◆ Directions for this task
Give again, word for word, every line in the entries below from the line with "Дентайр от всех" up to and including the line with "2023 COUNTRY BLACKSMITH", and no other line.

===== Exercise inputs =====

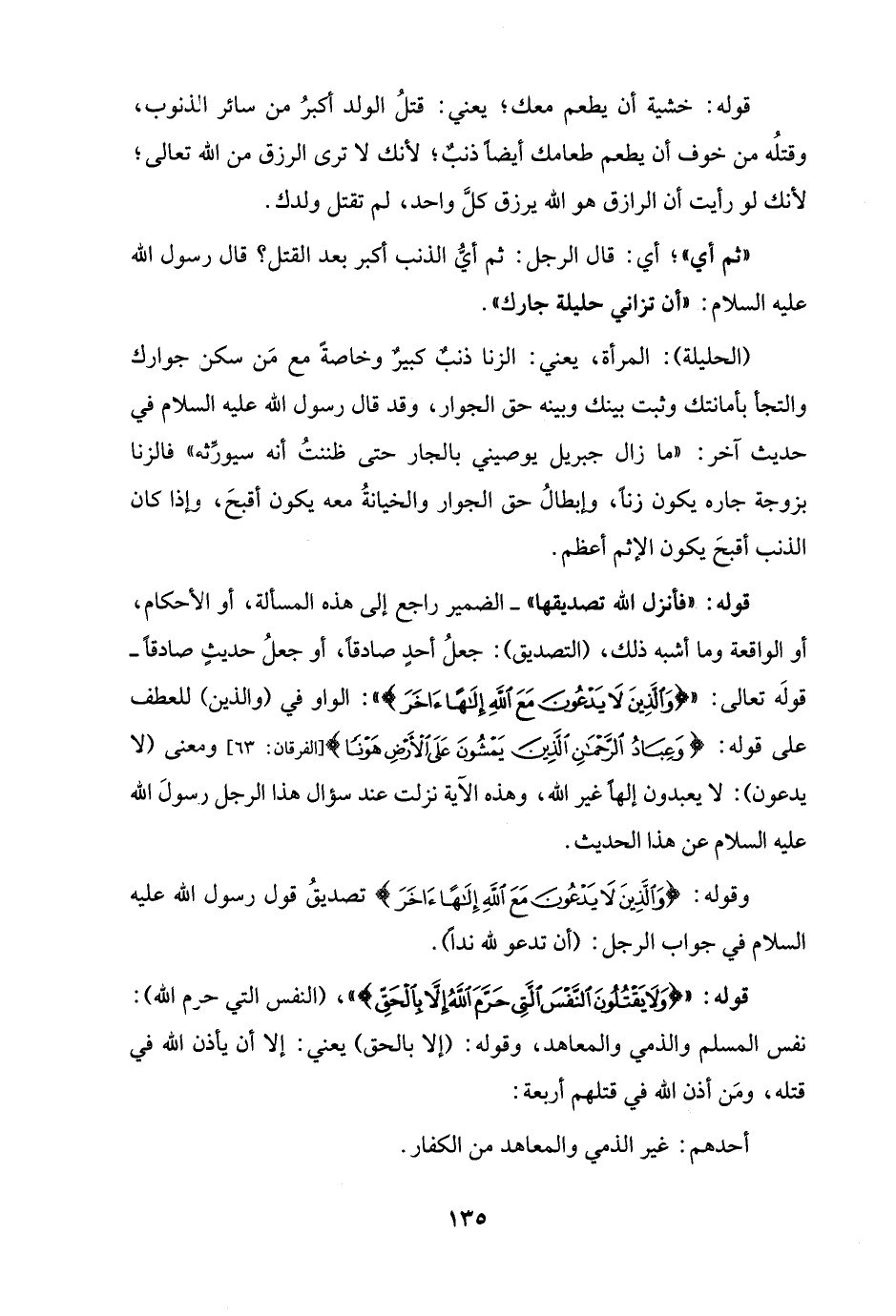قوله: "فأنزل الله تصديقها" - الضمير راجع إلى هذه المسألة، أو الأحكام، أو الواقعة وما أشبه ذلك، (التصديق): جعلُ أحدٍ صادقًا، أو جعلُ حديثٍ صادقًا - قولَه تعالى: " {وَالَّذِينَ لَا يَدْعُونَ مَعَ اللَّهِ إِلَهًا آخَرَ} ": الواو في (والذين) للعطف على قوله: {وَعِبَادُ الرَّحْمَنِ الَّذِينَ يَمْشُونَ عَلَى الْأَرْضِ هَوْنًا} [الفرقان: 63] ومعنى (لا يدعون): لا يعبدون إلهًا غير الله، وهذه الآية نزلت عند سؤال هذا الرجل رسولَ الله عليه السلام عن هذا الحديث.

=====
===== Exercise inputs =====

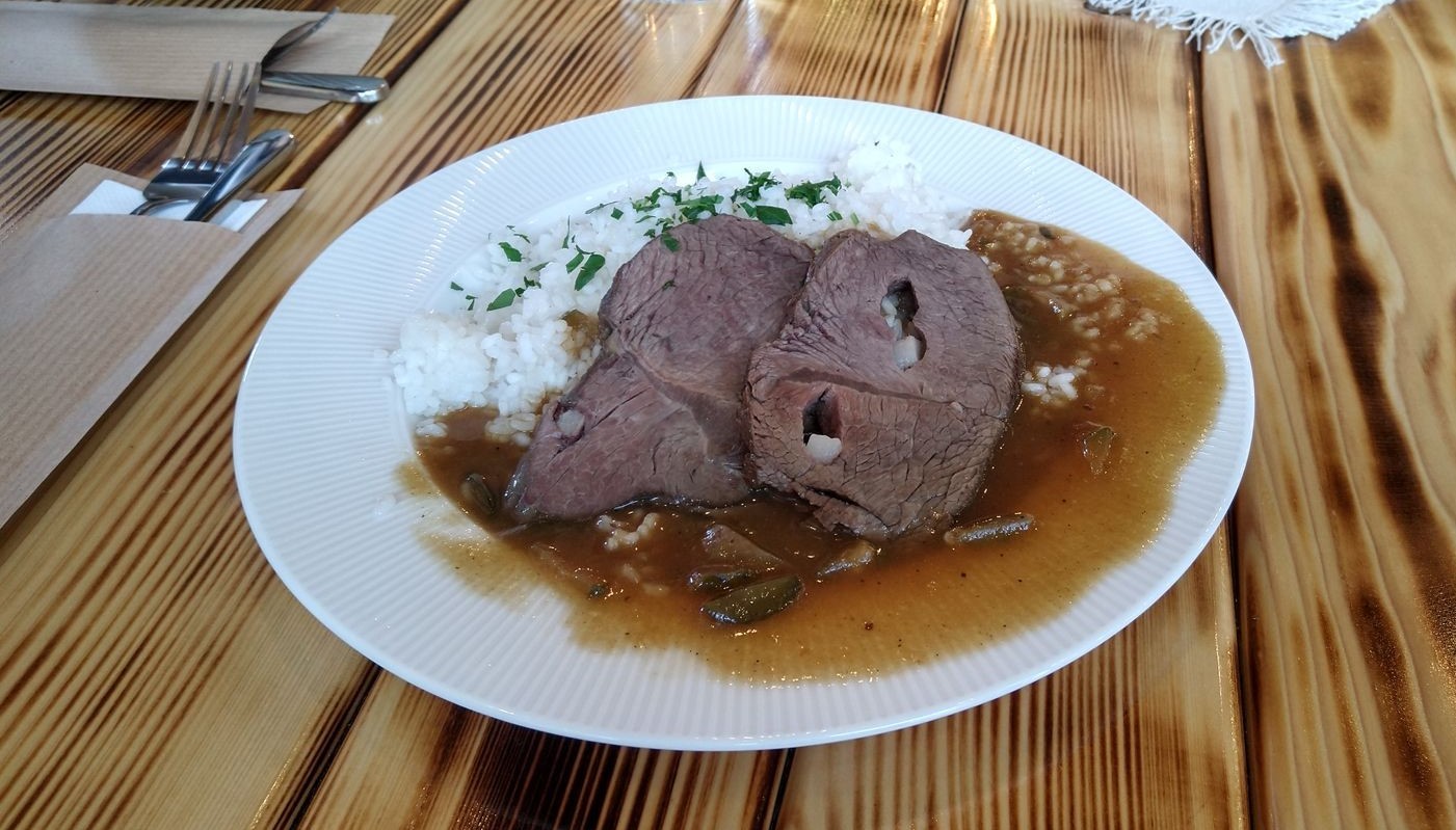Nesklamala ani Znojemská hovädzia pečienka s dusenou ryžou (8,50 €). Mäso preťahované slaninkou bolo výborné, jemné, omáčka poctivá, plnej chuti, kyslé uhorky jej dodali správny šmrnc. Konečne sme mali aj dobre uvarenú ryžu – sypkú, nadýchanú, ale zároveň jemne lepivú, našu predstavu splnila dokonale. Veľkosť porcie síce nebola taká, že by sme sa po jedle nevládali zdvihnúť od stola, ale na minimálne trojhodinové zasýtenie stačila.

=====
===== Exercise inputs =====

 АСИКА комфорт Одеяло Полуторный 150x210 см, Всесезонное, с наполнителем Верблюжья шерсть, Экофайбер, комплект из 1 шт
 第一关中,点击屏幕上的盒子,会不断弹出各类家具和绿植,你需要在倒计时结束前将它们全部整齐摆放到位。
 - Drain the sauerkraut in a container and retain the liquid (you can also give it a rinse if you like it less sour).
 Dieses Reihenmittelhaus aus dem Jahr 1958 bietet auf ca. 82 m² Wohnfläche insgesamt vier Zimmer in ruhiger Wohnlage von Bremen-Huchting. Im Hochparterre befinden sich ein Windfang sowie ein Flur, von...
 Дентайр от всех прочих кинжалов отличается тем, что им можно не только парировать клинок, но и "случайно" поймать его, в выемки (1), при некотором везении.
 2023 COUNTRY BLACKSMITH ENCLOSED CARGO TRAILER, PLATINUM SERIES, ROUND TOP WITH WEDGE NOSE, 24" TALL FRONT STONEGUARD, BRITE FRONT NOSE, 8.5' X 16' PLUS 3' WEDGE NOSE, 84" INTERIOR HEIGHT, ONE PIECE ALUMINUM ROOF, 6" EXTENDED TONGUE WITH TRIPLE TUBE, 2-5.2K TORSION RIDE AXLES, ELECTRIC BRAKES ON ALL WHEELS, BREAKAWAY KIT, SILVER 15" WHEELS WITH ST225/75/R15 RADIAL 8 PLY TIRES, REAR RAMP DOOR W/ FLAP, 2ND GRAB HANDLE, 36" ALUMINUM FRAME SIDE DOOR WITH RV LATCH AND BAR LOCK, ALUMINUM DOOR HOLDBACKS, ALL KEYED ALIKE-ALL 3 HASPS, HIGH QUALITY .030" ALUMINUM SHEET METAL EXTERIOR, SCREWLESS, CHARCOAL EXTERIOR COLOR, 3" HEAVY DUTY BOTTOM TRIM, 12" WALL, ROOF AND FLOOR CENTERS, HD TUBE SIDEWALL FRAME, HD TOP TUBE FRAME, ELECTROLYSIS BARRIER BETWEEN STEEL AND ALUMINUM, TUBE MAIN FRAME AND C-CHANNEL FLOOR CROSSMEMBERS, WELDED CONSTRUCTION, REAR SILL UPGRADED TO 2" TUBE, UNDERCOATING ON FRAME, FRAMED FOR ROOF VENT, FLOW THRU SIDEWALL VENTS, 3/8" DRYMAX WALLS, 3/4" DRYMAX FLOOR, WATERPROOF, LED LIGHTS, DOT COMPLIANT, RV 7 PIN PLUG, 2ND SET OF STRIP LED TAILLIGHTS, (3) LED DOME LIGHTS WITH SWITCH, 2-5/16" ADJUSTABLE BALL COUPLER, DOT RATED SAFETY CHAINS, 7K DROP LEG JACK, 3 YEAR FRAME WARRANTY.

=====

◆ Written response
 Дентайр от всех прочих кинжалов отличается тем, что им можно не только парировать клинок, но и "случайно" поймать его, в выемки (1), при некотором везении.
 2023 COUNTRY BLACKSMITH ENCLOSED CARGO TRAILER, PLATINUM SERIES, ROUND TOP WITH WEDGE NOSE, 24" TALL FRONT STONEGUARD, BRITE FRONT NOSE, 8.5' X 16' PLUS 3' WEDGE NOSE, 84" INTERIOR HEIGHT, ONE PIECE ALUMINUM ROOF, 6" EXTENDED TONGUE WITH TRIPLE TUBE, 2-5.2K TORSION RIDE AXLES, ELECTRIC BRAKES ON ALL WHEELS, BREAKAWAY KIT, SILVER 15" WHEELS WITH ST225/75/R15 RADIAL 8 PLY TIRES, REAR RAMP DOOR W/ FLAP, 2ND GRAB HANDLE, 36" ALUMINUM FRAME SIDE DOOR WITH RV LATCH AND BAR LOCK, ALUMINUM DOOR HOLDBACKS, ALL KEYED ALIKE-ALL 3 HASPS, HIGH QUALITY .030" ALUMINUM SHEET METAL EXTERIOR, SCREWLESS, CHARCOAL EXTERIOR COLOR, 3" HEAVY DUTY BOTTOM TRIM, 12" WALL, ROOF AND FLOOR CENTERS, HD TUBE SIDEWALL FRAME, HD TOP TUBE FRAME, ELECTROLYSIS BARRIER BETWEEN STEEL AND ALUMINUM, TUBE MAIN FRAME AND C-CHANNEL FLOOR CROSSMEMBERS, WELDED CONSTRUCTION, REAR SILL UPGRADED TO 2" TUBE, UNDERCOATING ON FRAME, FRAMED FOR ROOF VENT, FLOW THRU SIDEWALL VENTS, 3/8" DRYMAX WALLS, 3/4" DRYMAX FLOOR, WATERPROOF, LED LIGHTS, DOT COMPLIANT, RV 7 PIN PLUG, 2ND SET OF STRIP LED TAILLIGHTS, (3) LED DOME LIGHTS WITH SWITCH, 2-5/16" ADJUSTABLE BALL COUPLER, DOT RATED SAFETY CHAINS, 7K DROP LEG JACK, 3 YEAR FRAME WARRANTY.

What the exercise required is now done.